Los guardias, con un semblante hostil e incapaces de explicarse en otra lengua que no fuera la suya, condujeron a los dos francos al palacio, aunque no por los vericuetos secretos que habían seguido la noche anterior, sino que rodearon completamente las murallas para entrar por la puerta principal.
Atravesaron una antecámara estrecha y se encontraron en la sala en la que el ras y los sacerdotes les habían interrogado a su llegada. Allí les esperaban los mismos dignatarios, pero en esta ocasión estaban dispuestos en dos grupos, entre los cuales había tres cuerpos tendidos en el suelo y cubiertos con una sábana.

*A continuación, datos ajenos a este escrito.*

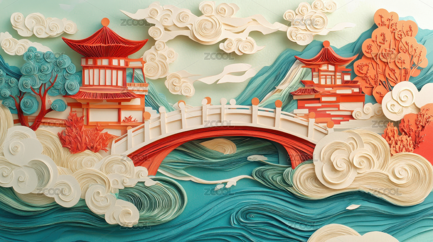 剪纸风中国古建筑红色背景新年春节喜庆庆祝
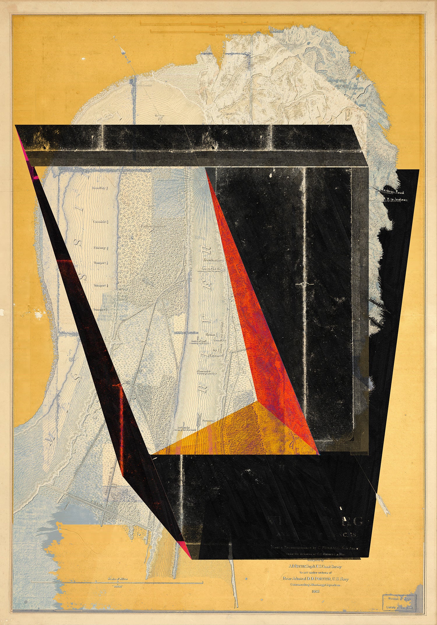 This collection comprises a series of artworks created with digital tools incorporating maps into their compositions.
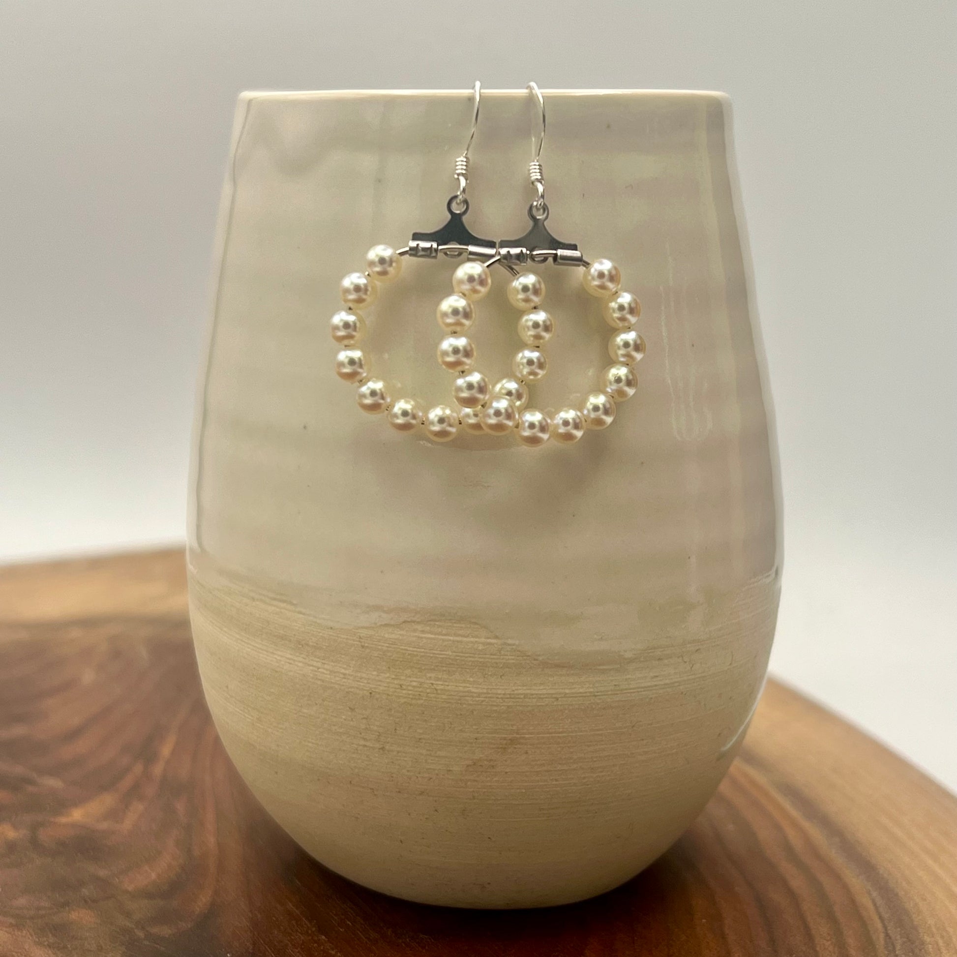 These are beautiful dangle earrings with Simulated Austrian Pearls and Sterling Silver. Pearls are associated with "Purity" and "Femininity". Sterling Silver lever backs were used to finish the earrings. The hoop is 20mm
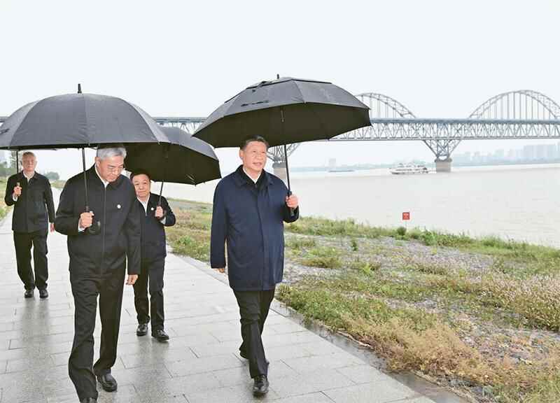 2023年10月10日至13日,中共中央总书记、国家主席、中央军委主席习近平在江西考察。这是10日下午,习近平在长江国家文化公园九江城区段考察时,冒雨沿江堤步行察看沿岸风貌。 新华社记者 谢环驰/摄
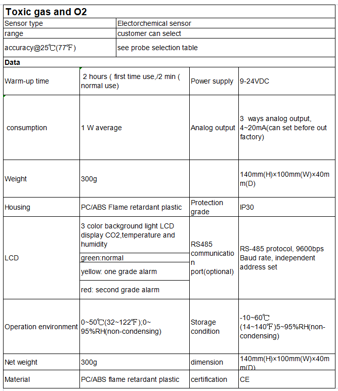 Indoor monitoring controller based on customer specific needs, it has integrated style and separated style, sensors using the world the most advanced electrochemical gas sensor,the sensor portion using a high-precision AD low temperature drift and high stability power processing circuitry to protect the instrumentation fast, accurate measurement, stable and repeatable, designed for harsh and humid environments toxic gas and oxygen measurement under. Alarming instrument has an automatic function, providing customers with on-site security.
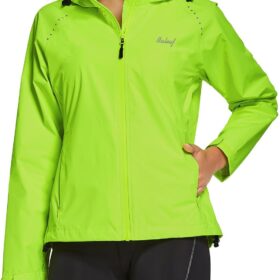 BALEAF Women’s Rain Jackets Waterproof Windbreaker Windproof Running Lightweight Cycling Jacket Reflective Packable Hooded
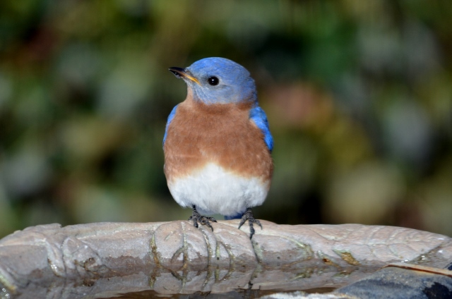 One of the joys of winter in our area is the profusion of Eastern Bluebirds. Once rare, the bluebirds have made a comeback in the last 20 years as residents construct bluebird trails and conserve natural areas. The bluebirds are year-round residents but tend to stay in the woods in the summer. Once the cold weather hits, all it takes are some mealworms in the feeders and the bluebirds suddenly appear. And if the feeder is empty, they will sit on the pole staring at you until you come out to add more worms. And from the photo above and below you can see that they argue a lot about the mealworms. And don’t forget the fresh water for the birds in the winter – in our area, we have to add a heater to the bird bath to keep the water ice free. Enjoy our winter touch of blue.
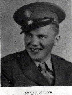 Edwin H. Johnson Entered Service: July 17, 1942. Branch of Service: Engineers. Trained at Camp Robinson, Arkansas; Camp Claiborne, Louisiana. Overseas: November 18, 1943 Theatre of Operation: China, Burma, India. Medals Earned: Good Conduct Medal, Asiatic-Pacific, Two Bronze Stars, Victory Medal. Returned to U.S.: September 7, 1945 Discharged: November 5, 1945, at Fort Snelling, Minnesota. Rank: Corporal Total Months in Service: Forty.
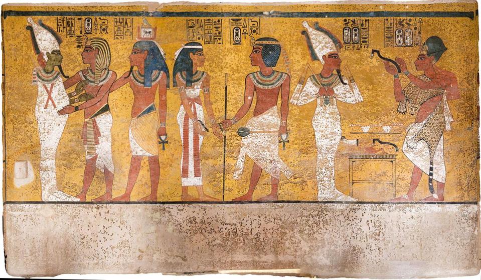 ​​​​​Hình ảnh bên trong lăng mộ vua Tut. Bên cạnh chiếc quan tài bằng vàng nổi tiếng, nơi an nghỉ của vị Pharaoh yểu mệnh còn là di tích khảo cổ quan trọng hàng đầu bởi các bức vẽ trên tường ghi lại hình ảnh cuộc sống cổ đại vẫn còn trong tình trạng tốt sau hàng ngàn năm.
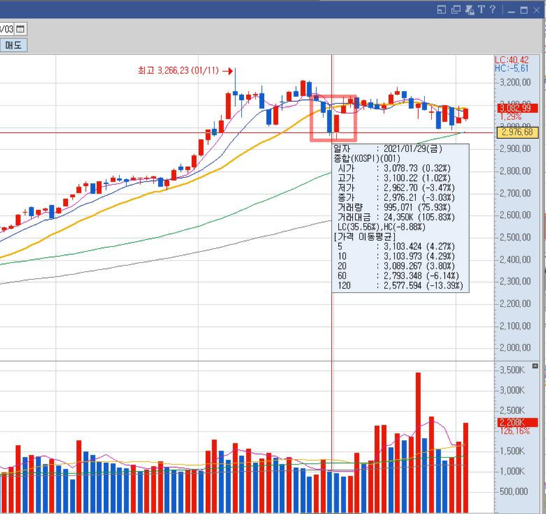 코스피 3000 '붕괴'…파티 끝났나, 건강한 조정인가 , 외국인과 기관의 매도세에 밀려 2976.13에 마감 "외국인의 대규모 순매도 지속"
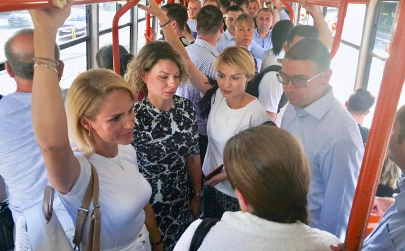 Gabriela Firea, primarul general al capitalei, a fost surprinsă într-un tramvai, imaginea amintind de o fotografie făcută edilului Emil Boc, în urmă cu câteva luni, într-un autobuz aglomerat din Bucureşti.
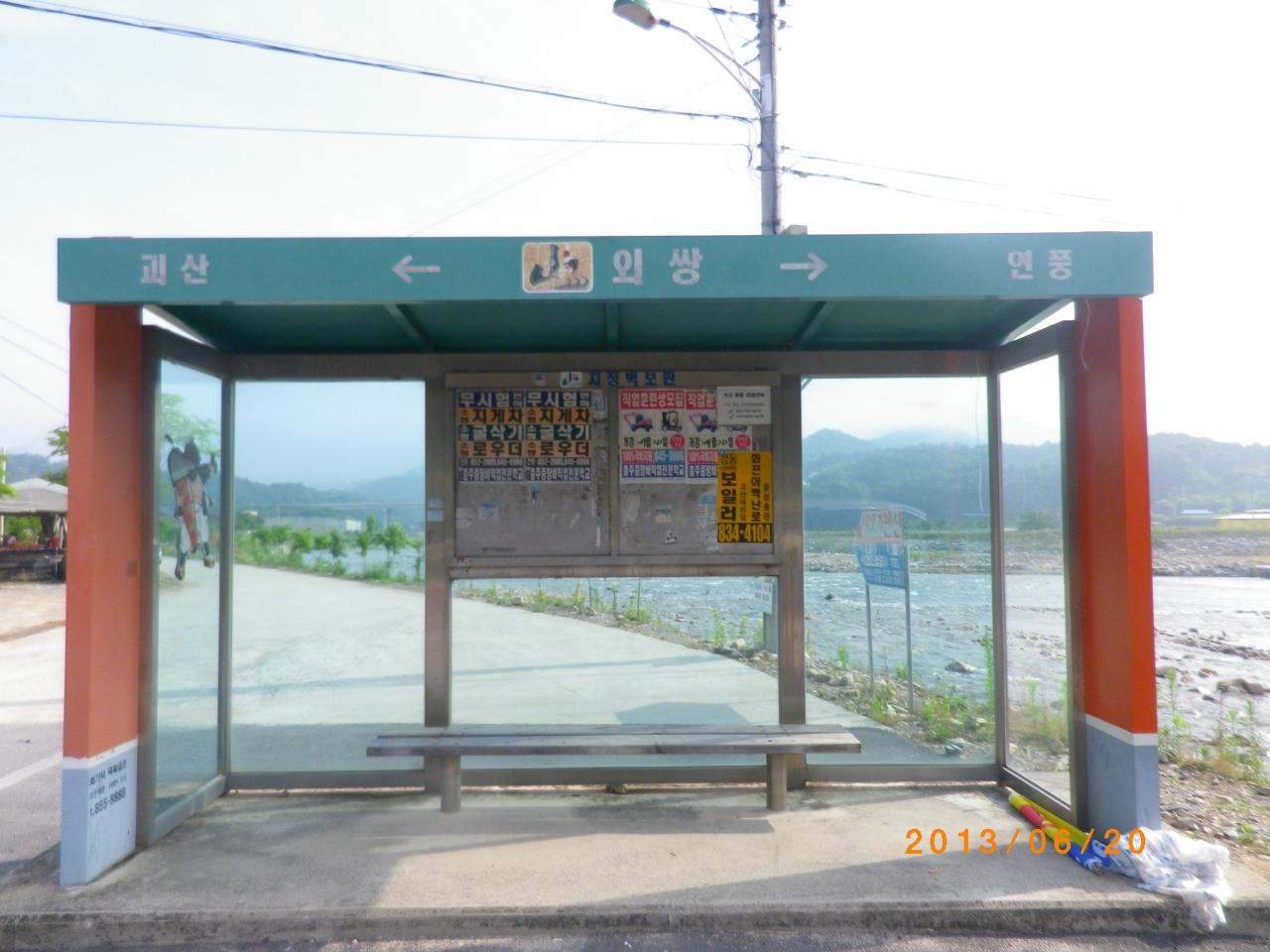 橋を渡った所にはバス停があり、帰りはバスに乗ってケサン市街に戻る予定 -
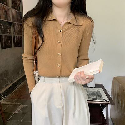 韓国ファッションレディース カシミヤタッチ長袖ベーシックニット 着痩せセーター ニット
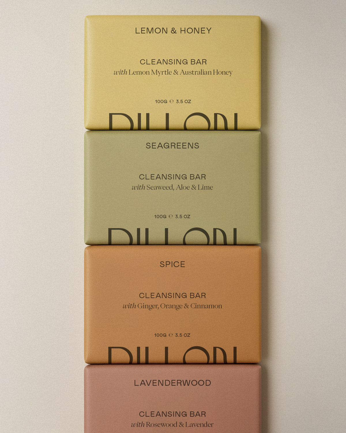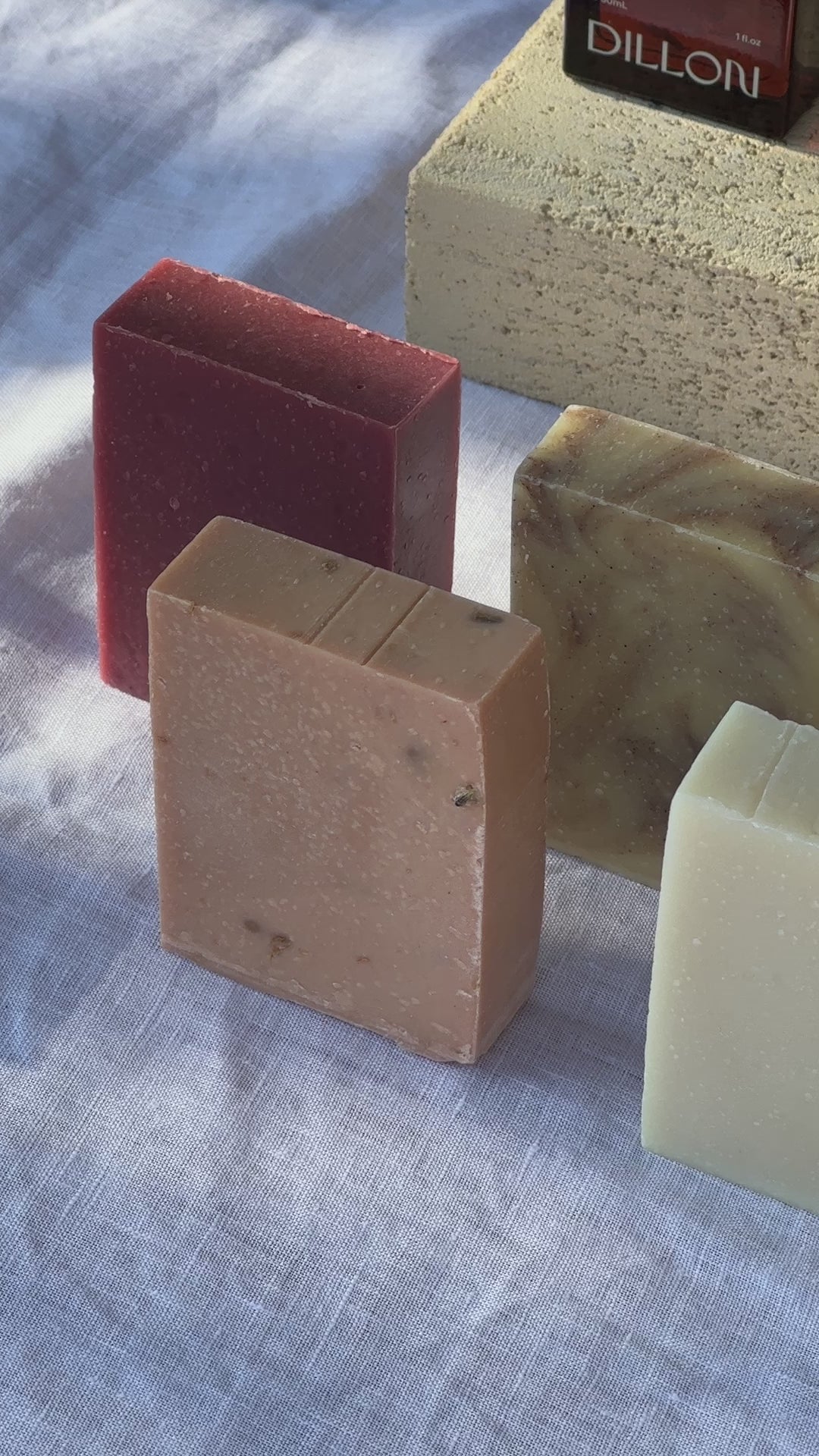 Four Dillon soap bars of different colors stacked on a textured gray surface
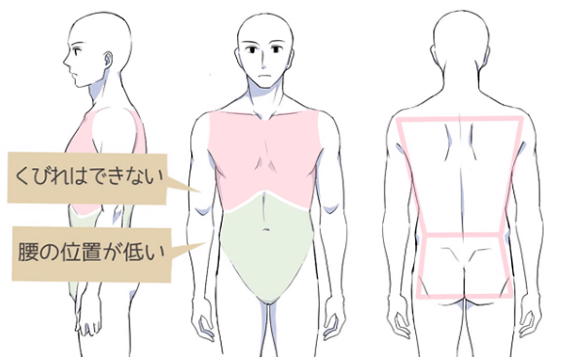 而且,男女骨骼最不同的地方是腰。男性腰部的位置比女性低,身体看起来更长。
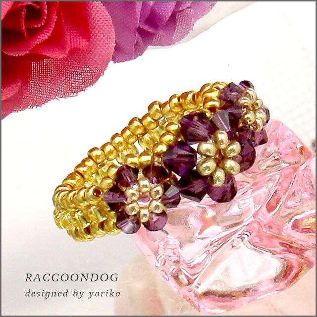 ビーズ,リング,コスチュームジュエリー,パープル,ビーズアクセサリー,ビーズアクセ,ビーズリング,紫,大人可愛い,アメジスト,むらさき,プレゼント,贈り物,スワロフスキー,花,フラワー
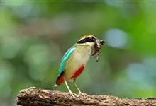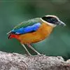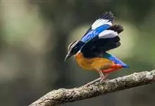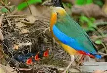 蓝翅八色鸫是雀形目八色鸫科的鸟类。体长17-20厘米,体重类约48-70克,体型圆胖,尾短,腿长,以身体具有红、绿、蓝、白、黑、黄、褐、栗等鲜艳夺目,丰富艳丽的色彩而得名,是很有观赏价值的鸟类。主要…全部>>
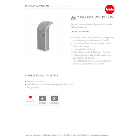 Hailo ProfiLine WSB Design XXXL. Der großvolumige Wertstoffsammler mit cleverer Müllsackhalterung. Grau. Behälter, Klappe und Fronttür aus schlagzähem, beständigem technischen Kunststoff (ABS). Einsetzen und Entnahme der Müllsäcke durch Öffnen der Fronttür. Extra große Einwurfklappe. Stabile Halterung für Müllsäcke (120 Liter). Einfache Reinigung des Behälters auch Innen durch Öffnen der Fronttür. Hohe Stabilität durch große Aufstandsfläche. Verbindungsklammern zum Anreihen. Zubehör: Mobilset. Aufklebersets zur Mülltrennung liegen bei (Farbe und Piktogramme).
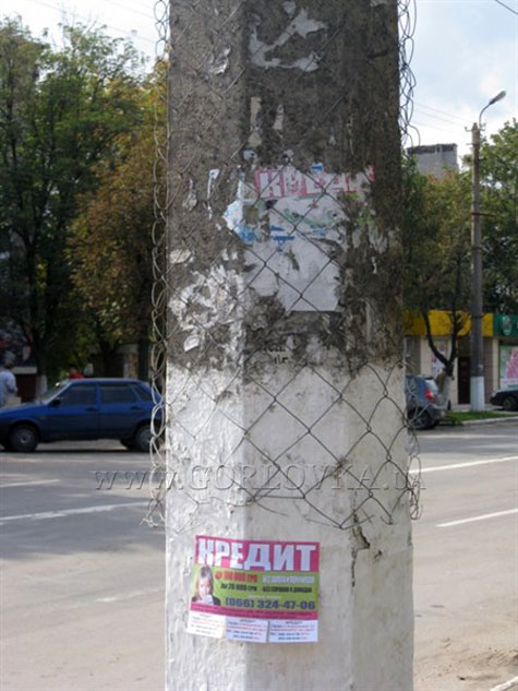 В Горловке, в центральных районах города, опоры столбов... обтянули сеткой-рабицей. Так, по словам заместителя городского головы Горловки Вадима Исакова, одна из коммерческих организаций города борется с расклейкой объявлений.
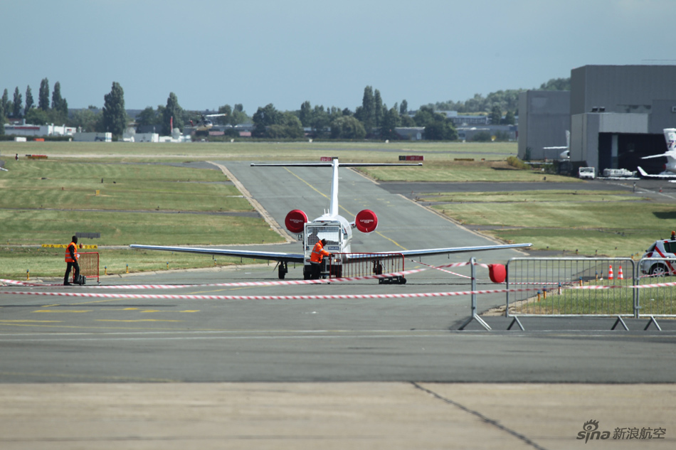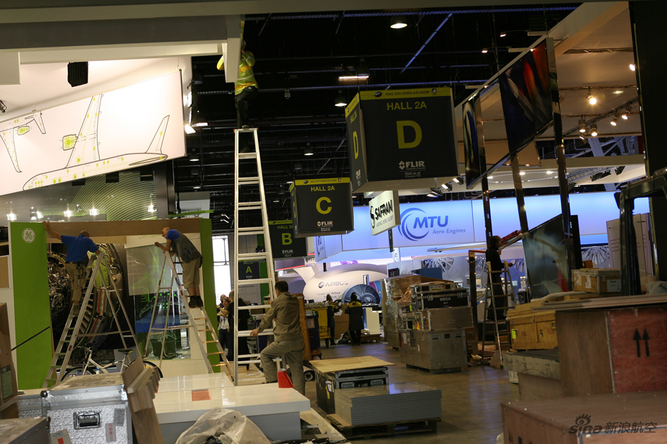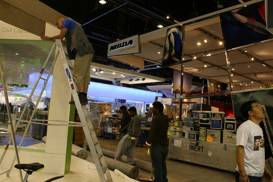 当地时间6月18日,巴黎布尔歇机场内各大参展商正在紧张的布展。停机坪上在陆续的进驻各型军民用飞机。第49届巴黎航空航天展将于6月20日开幕,本届航展有2100多家各国参展商携带大量模型实物参加。参展飞机有140多架,预计将有13.8万名业界专业参观者及20万普通参观者参观航展。 摄影:门广阔 陈诚
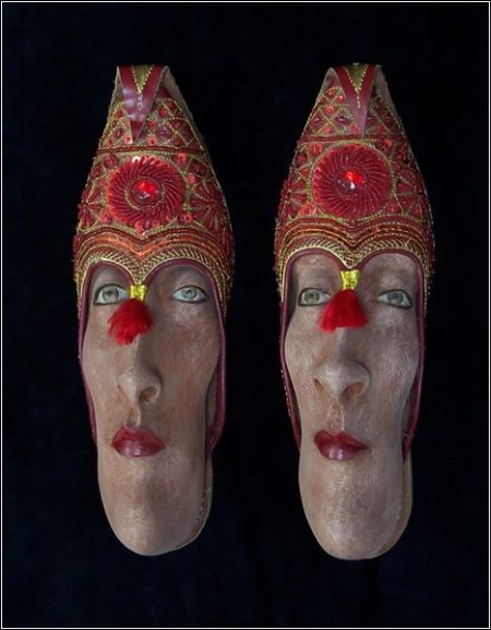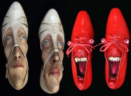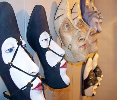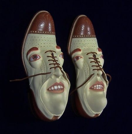 藝術家GWEN MURPHY則發想了一系列以鞋為主軸的雕塑品,不管是鞋子本身就是張臉,或是真的塞張臉到鞋子裡,瞬間都讓你的鞋子充滿情緒,變得非常不想穿它阿!(深深覺得這位藝術家也許有戀足癖)
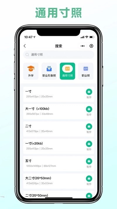 一寸、二寸等常用寸照;英语四六级、普通话水平测试等语言考试;计算机等级考试;公务员、事业单位考试;社保证、身份证等身份证件;还可以拍摄结婚登记照、职业形象半身照,满足证件照制作的所有场景。
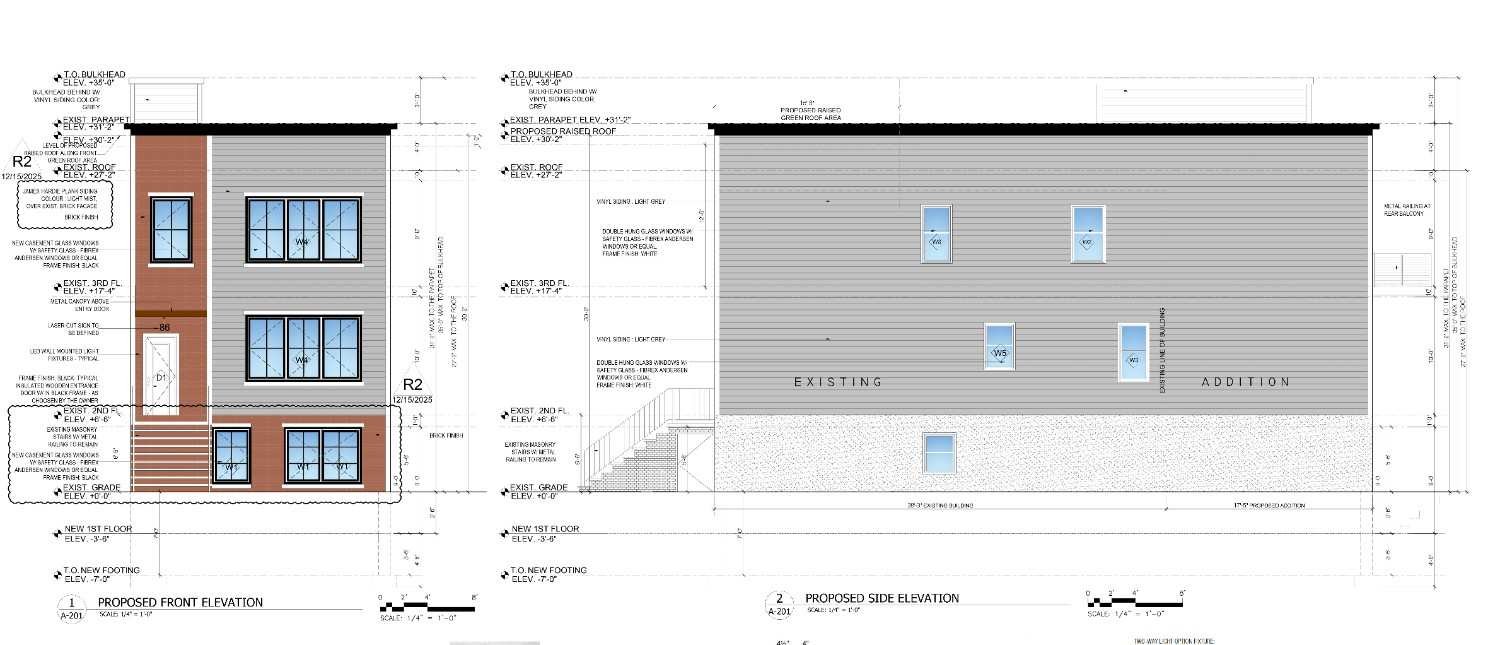 Situated on a 25’ x 98’ lot, this development replaces and expands upon the existing structure with a fully reimagined three-story two-family residence. The proposed design introduces a clean, modern façade featuring a combination of brick and contemporary siding finishes, balanced window placements, and a streamlined vertical profile that enhances curb appeal while respecting the surrounding neighborhood context.

El dragomán que había vertido al árabe la audiencia oficial con el emperador se adelantó y tradujo las palabras que acababa de pronunciar en voz alta uno de los religiosos:
—Estos esclavos han probado los remedios que ustedes han preparado para curar al soberano, y ahora están muertos.
Jean-Baptiste suspiró aliviado, pues se temía algo muy distinto. En cuanto a los remedios oficiales, estos solo eran un mejunje a base de agua, harina y colorante de remolacha que habían elaborado en presencia de Demetrios.
—Dígale a estos señores —dijo Jean-Baptiste sonriendo— que nuestra receta es muy sencilla y que antes de hacerles llegar nuestro preparado le proporcionamos otro igual a Demetrios, que según creo es un sirviente del emperador.
Al oír el nombre de Demetrios, los presentes empezaron a hablar entre ellos muy nerviosos y apenas escucharon al intérprete. Los dos médicos comprendieron enseguida que habían mandado a buscar al joven griego. Llegó al poco rato, sudando y con una cajita de madera en la mano donde guardaba una muestra de la misma sustancia que habían entregado a los sacerdotes.
El joven pronunció un largo parlamento que los francos no entendieron, aunque advirtieron, eso sí, que hablaba en un tono muy distendido. Para reforzar sus palabras, Demetrios abrió la caja, tomó un poco del preparado, lo comió ostensiblemente y ofreció a la concurrencia. Los sacerdotes lo miraron con cara de asco y, tras una breve discusión, los dignatarios abandonaron la sala. Cuando se hubo cerrado la puerta, se oyeron las voces de una conversación tumultuosa.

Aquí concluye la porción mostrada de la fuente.